Das Team profitiert davon, dass die Mountainbikebranche floriert und die Downhill-Szene ein lässiges Image besitzt, das sich bestens vermarkten lässt: Wer sich ein Hightechbike leisten kann, hat mit großer Wahrscheinlichkeit auch ein iPhone in der Tasche und erfrischt sich mit stark koffeinhaltiger Markenlimonade, die Flügel verleiht. Dass den Trendsport mangels legaler Trainingsmöglichkeiten die Aura des Verbotenen umgibt, macht ihn für diese coole Zielgruppe erst recht interessant.

Der Trendsport boomt in Stuttgart

Brave Wandersleute sind indes nicht begeistert, wenn Wälder zu Rennstrecken umfunktioniert werden. Zumal die Zahl der Downhiller kontinuierlich zunimmt, wie Hagen Dilling, der kommissarische Leiter des Forstamts Stuttgart, feststellen musste: „Ärger bleibt da nicht aus. Zwischen Downhillern und Spaziergängern besteht ein klassischer Interessenkonflikt: Wo die einen entspannt schlendern wollen, rasen die anderen auf ihren Rädern bergab.“

Robin rollt in der Wernhalde demonstrativ langsam an einer Frau mit Kinderwagen vorbei. Er nickt und grüßt. „Das Vorurteil vom bösen Biker gibt es leider, weil manche rücksichtslos durch die Natur heizen“, sagt er. Er und seine Kumpels würden sich selbstverständlich gut benehmen: „Gegenseitiger Respekt zahlt sich aus.“

Chance für ein friedliches Miteinander

Dank der Kessellage bietet Stuttgart hervorragende Bedingungen für Abfahrer auf ihren Bikes. Am Marienplatz sind an sonnigen Wochenenden zig Downhiller in voller Montur anzutreffen. Von dort aus geht es mit der Zacke bis zum Degerlocher Albplatz und dann in den Wald. Die Downhiller tummeln sich auf engen Pfaden und haben teilweise Hindernisse eingebaut. In und um Stuttgart gibt es ungefähr 15 illegale Downhill-Strecken mit Rampen, Schanzen und Steilwandkurven.
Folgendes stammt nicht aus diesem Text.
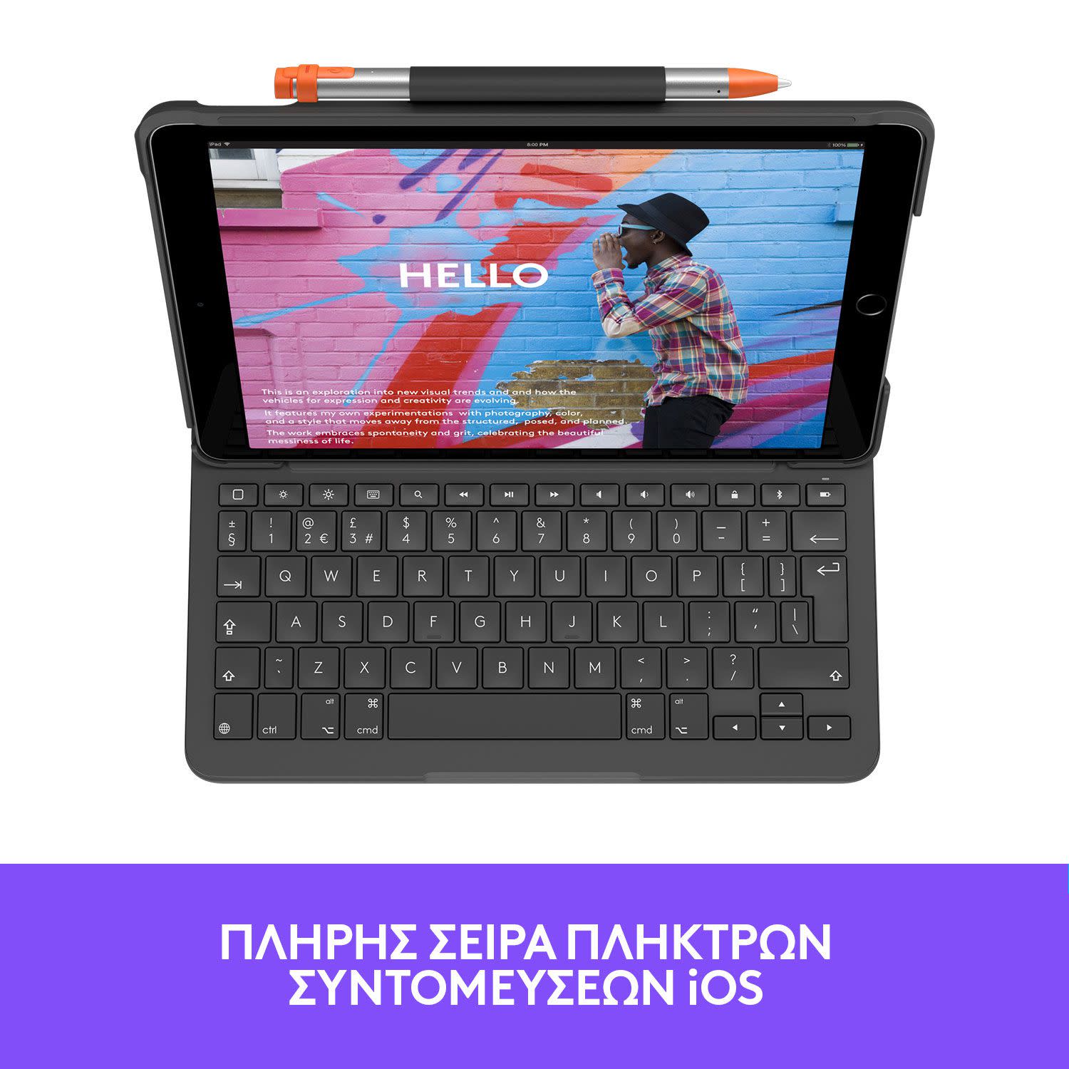 Πληκτρολόγιο κανονικού μεγέθους. Ελαφριά θήκη. Μεταφέρεται παντού. Γνώρισε το εκπληκτικά λεπτό Slim Folio για iPad από την Logitech.
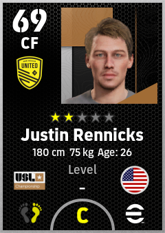 . Justin Rennicks is a Center Forward footballer from United States who plays for New Mexico United in eFootball 2026.
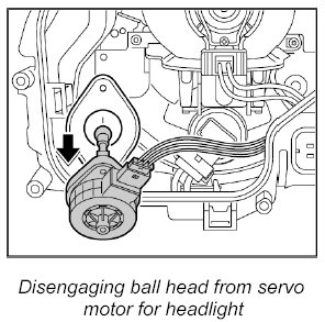 2. Engage servo motor in the actuator for the main headlight and push servo motor upwards.
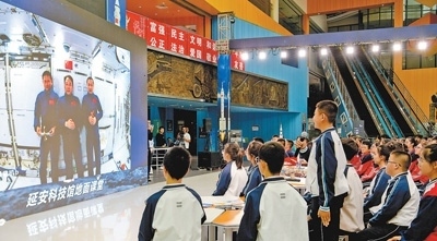 陜西延安科技館“天宮課堂”第四課地面課堂,學(xué)生在向航天員提問。鄧志宏攝(新華社發(fā))
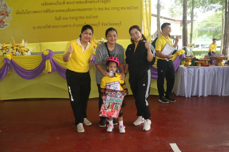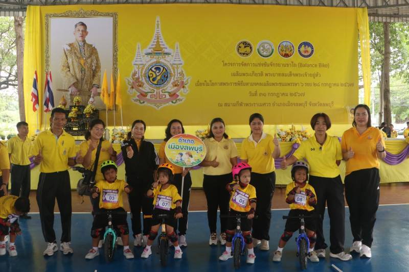 เมื่อวันที่ ๓๑ กรกฎาคม ๒๕๖๗ ว่าที่ร้อยตรี ทรงพล แป้นแก้ว รองผู้ว่าราชการจังหวัดลพบุรี เป็นประธานเปิดการแข่งขันจักรยานขาไถ (Balance Bike) เฉลิมพระเกียรติ พระบาทสมเด็จพระเจ้าอยู่หัว เนื่องในโอกาสพระราชพิธีมหามงคลเฉลิมพระชนมพรรษา ๖ รอบ ๒๘ กรกฎาคม ๒๕๖๗ โดยมีวัตถุประสงค์เพื่อส่งเสริมสนับสนุนให้เด็กปฐมวัยได้ออกกำลังกาย เพื่อพัฒนาการที่สูงวัยรอบด้าน สุขภาพสมบูรณ์แข็งแรง และใช้เวลาว่างให้เกิดประโยชน์ ณ บริเวณโดมสนามฟุตซอล สนามกีฬาพระราเมศวร อ.เมืองลพบุรี จ.ลพบุรี โดย นายจำเริญ สละชีพ นายกเทศมนตรีเมืองลพบุรี มอบให้ นางสาวมยุรา สุทธิพิบูลย์ รก.ปลัดเทศบาลเมืองลพบุรี เข้าร่วมในพิธี
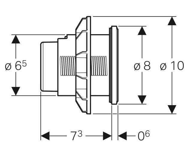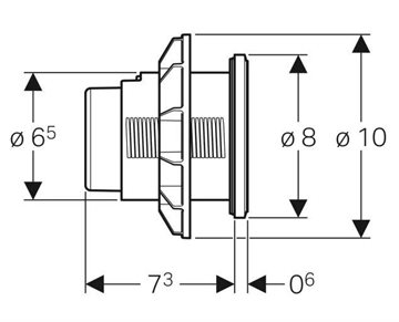 Geberit Omega01 pneumatisk skylleknap aktivere det store og det lille skyl ved hjælp af lufttryk, selve skylleknappen er forbundet med cisterne via luftslanger, det giver friheden til at placere skylleknappen i en omkreds af ca. 1 m af toilettet.
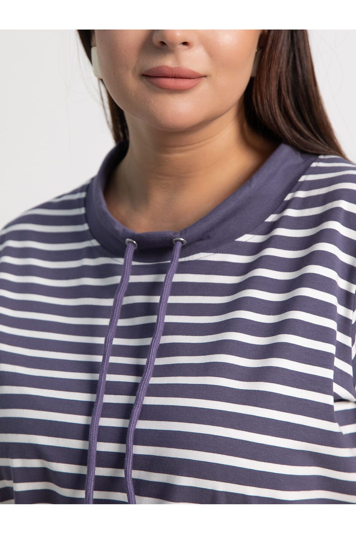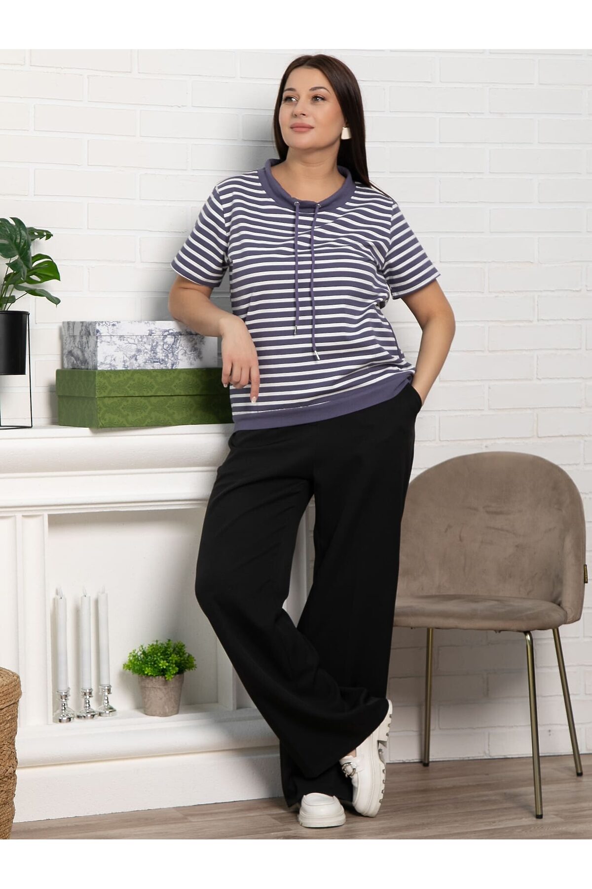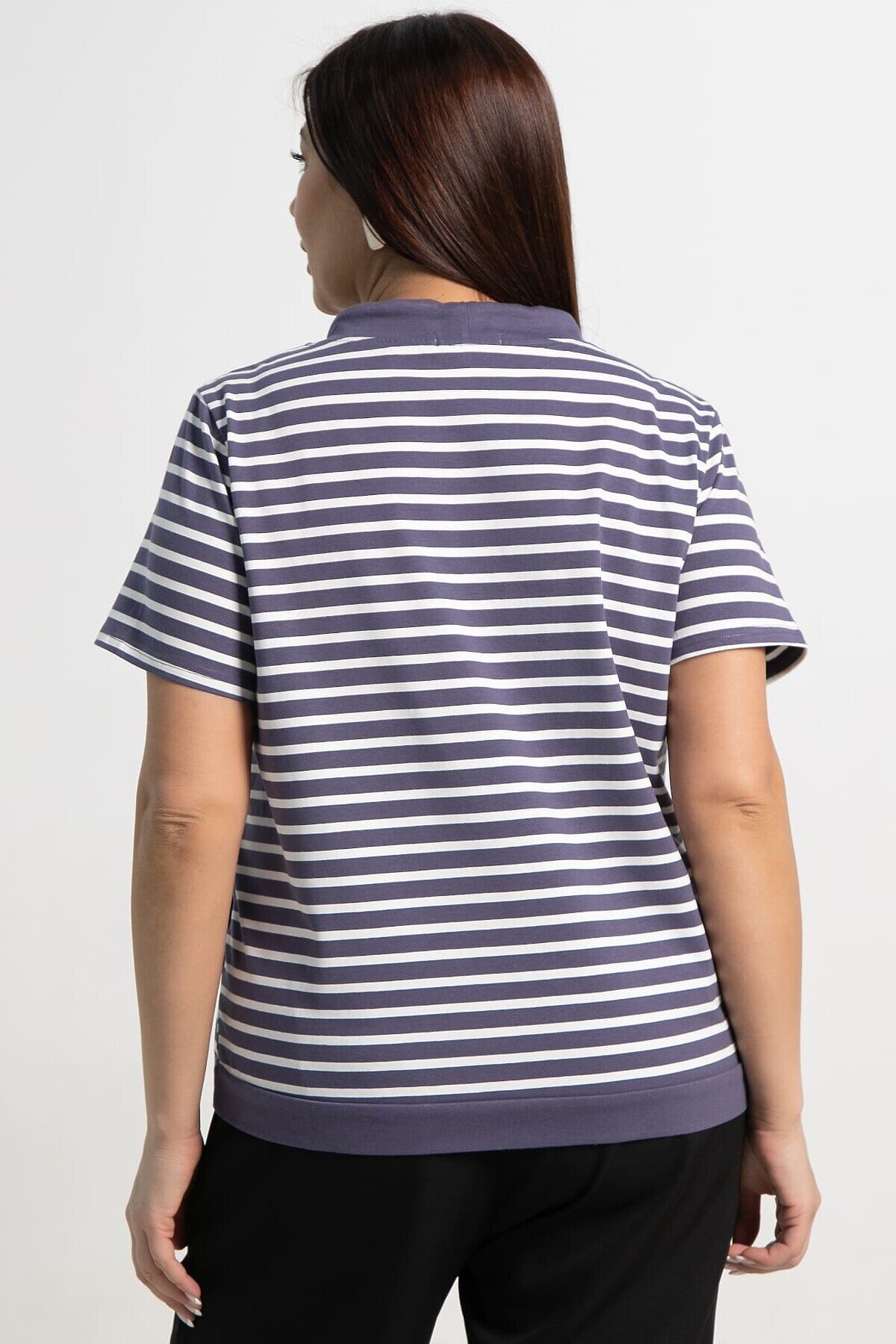 Женская блузка фиолетового цвета в полоску — удобная и стильная вещь для любого гардероба. Короткий рукав и классический дизайн делают ее универсальной и легкой в сочетании с различными элементами одежды. Спереди оформлена завязками. Отличный выбор для создания комфортных и модных повседневных образов.
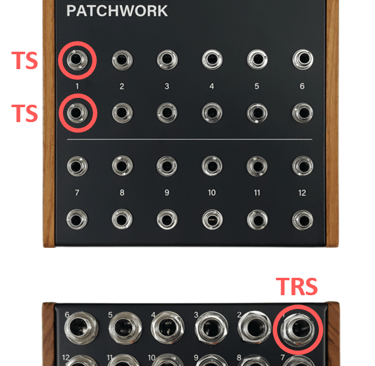 TRS (tip-ring-sleeve) sockets can carry two separate signals. PATCHWORK breaks these signals out into two separate TS sockets on the top panel.
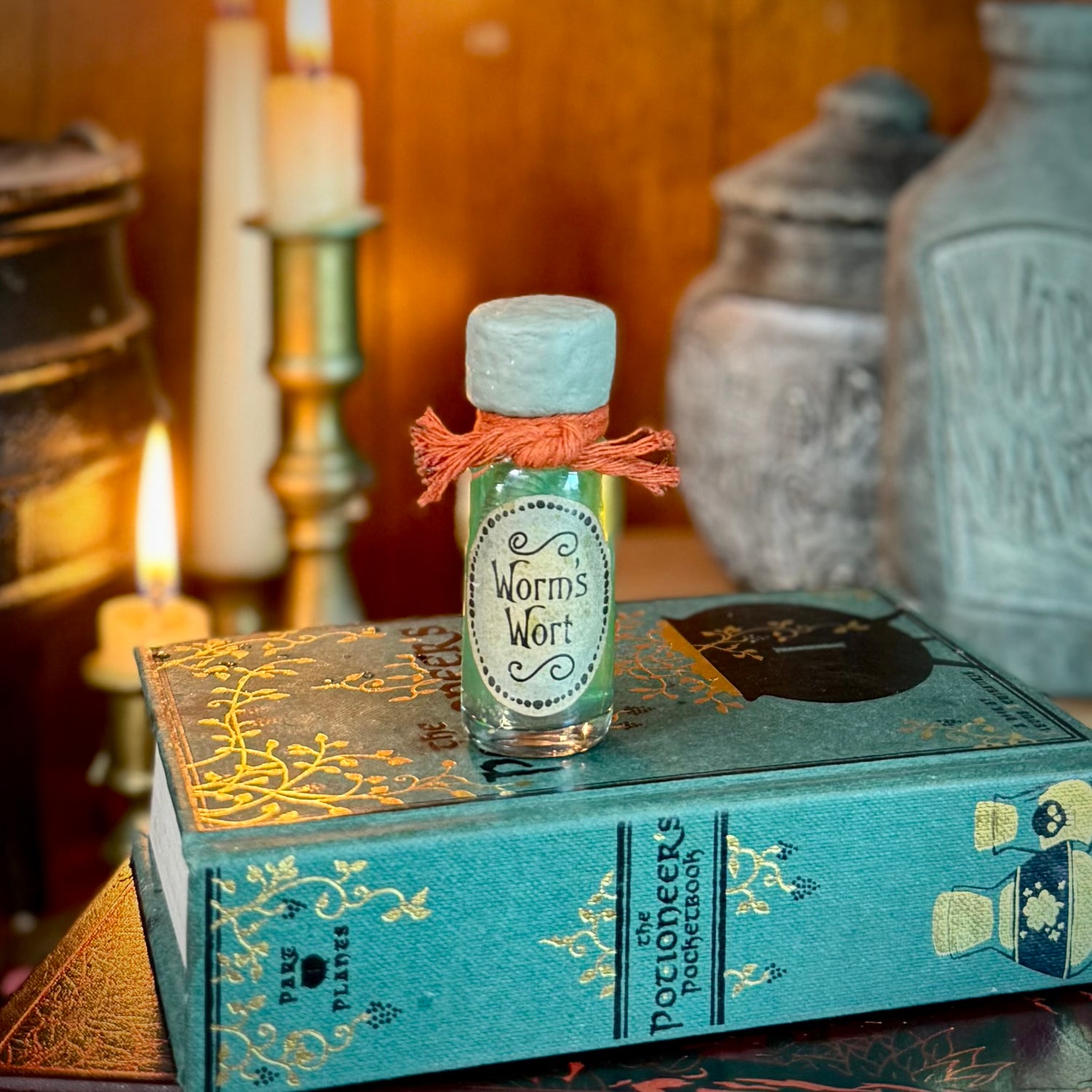 Worm's Wort- Murky green potion has glow-in-the-dark worms floating in it, changes to a smoky purple when shaken. Finished with an aged burnt orange cord with a ring attached to the back, and clay top.
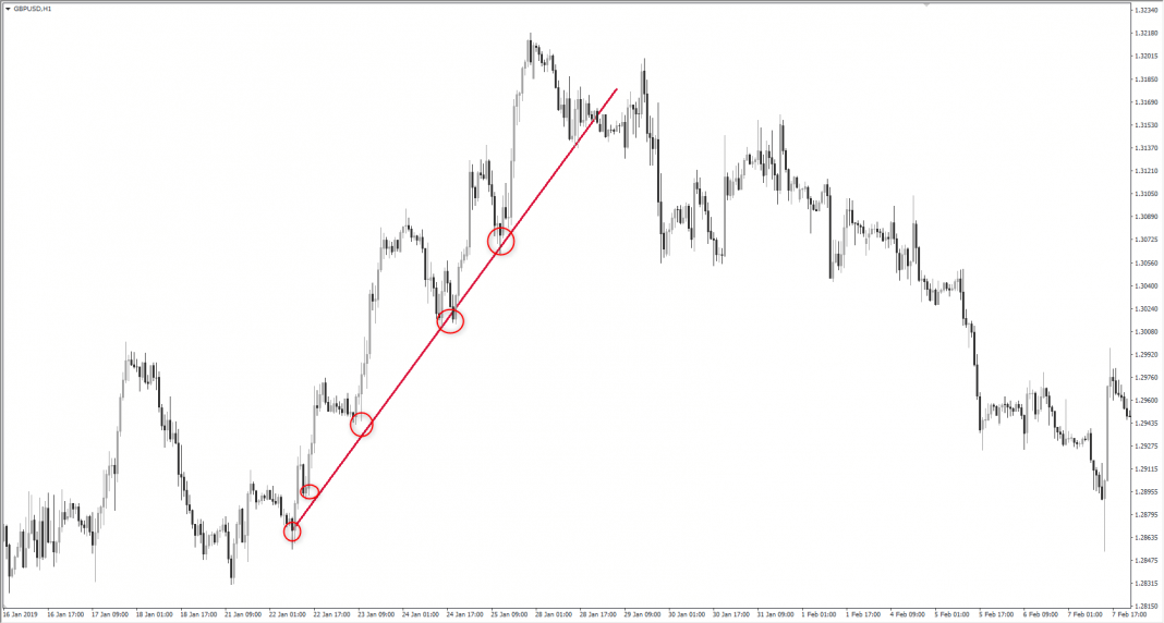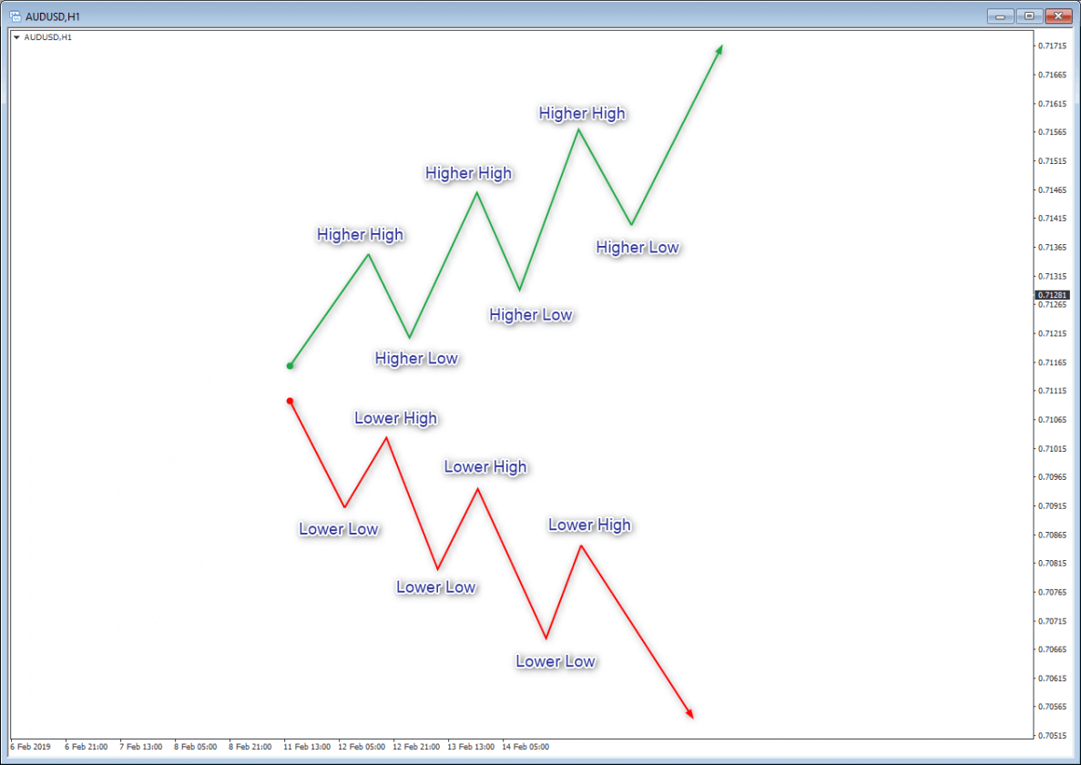 ก่อนจะดูออกว่าเทรนยังแข็ง (trend strength) เพียงพอที่จะเทรดหรือเปล่า จำเป็นต้องเข้าใจว่าลักษณะของตลาดที่กำลังทำเทรนมีอะไรบ้าง – ตลาดที่กำลังทำเทรนคือตลาดที่ทำ higher highs ตามด้วย higher lows ได้สำหรับเทรนขาขึ้น หรือตลาดที่ทำ lower lows ตามด้วย lower highs สำหรับเทรนขาลง
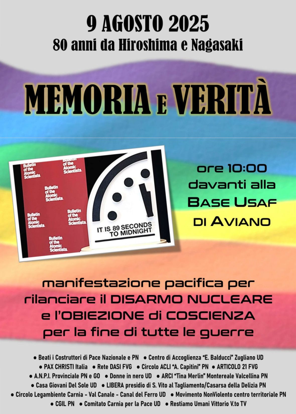 A quasi 30 anni dalla prima edizione si svolgerà sabato 9 agosto la commemorazione delle tragedie di Hiroshima e Nagasaki davanti alla Base USAF di Aviano, organizzata dal Tavolo per la Pace di Pordenone, coordinamento di associazioni, (tra cui il Centro Balducci), comitati e persone fisiche del Friuli Venezia Giulia e le province di Padova e Treviso.
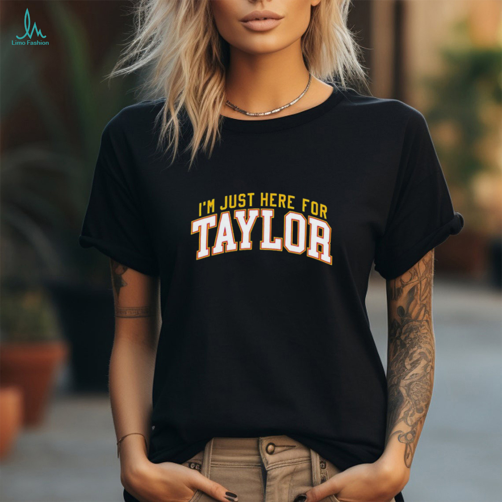 The Kansas City Chiefs I’m just here for Taylor font shirt to answering your question is experience. We exist to experience; we know we exist because we experience our own existence. The second key is observation. We observe our existence, our experience. We witness, record, and reflect upon our experience. The third key is intention. From observations of our experiences, we build a theory of “reality”, and make choices to act or not act based on that theory. We form an intention to create a specific experience that we want to observe. Now we have a sufficient solution to the problem. Experience, observation, and intention together create reality. They cannot exist without each other. None is more fundamental than the other, and none can be removed without destroying the others. Experience, observation, and intention: the grand experiment. We exist to try things, experience them, and observe the result. There is no meaning beyond that; when we are gone, all those things are gone too. We should use the little time we have to make as many experiments as possible. We have been blessed with the opportunity to experience, observe, and intend, and we should not waste it.
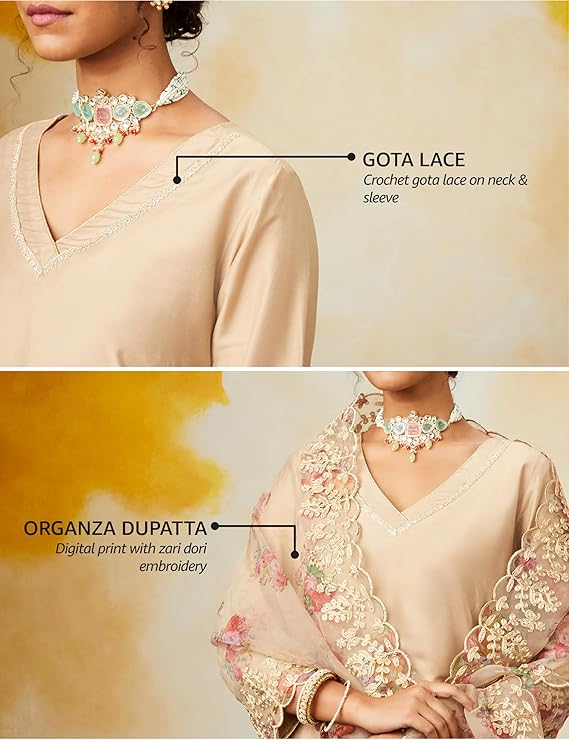 • PRODUCT DETAILS: 3-piece set featuring calf-length regular fit kurta with sequin lace at neck,, 3/4th sleeves paired with straight-fit pyjama with pocket and printed organza dupatta finished with scallop edge zari Dori embroidery.
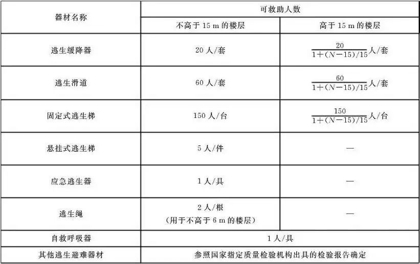 (2)其他逃生避難器材的配備樓層(高度)參照國家指定質(zhì)量檢驗機(jī)構(gòu)出具的檢驗報告確定。

Seit Jahren ist eine offizielle Downhill-Strecke in der Dornhalde zwischen Degerloch und Heslach geplant, um den Konflikt zu entschärfen. „Wir wollen die Sportler in dieses Gebiet locken, um den übrigen Wald zu schonen“, sagt der Forstamtsleiter Dilling. Die Strecke ist die einzige Chance für das friedliche Nebeneinander von Spaziergängern und Downhillern. Die einen könnten den Stuttgarter Wald ungestört genießen und die anderen in einen legalen Adrenalinrausch verfallen.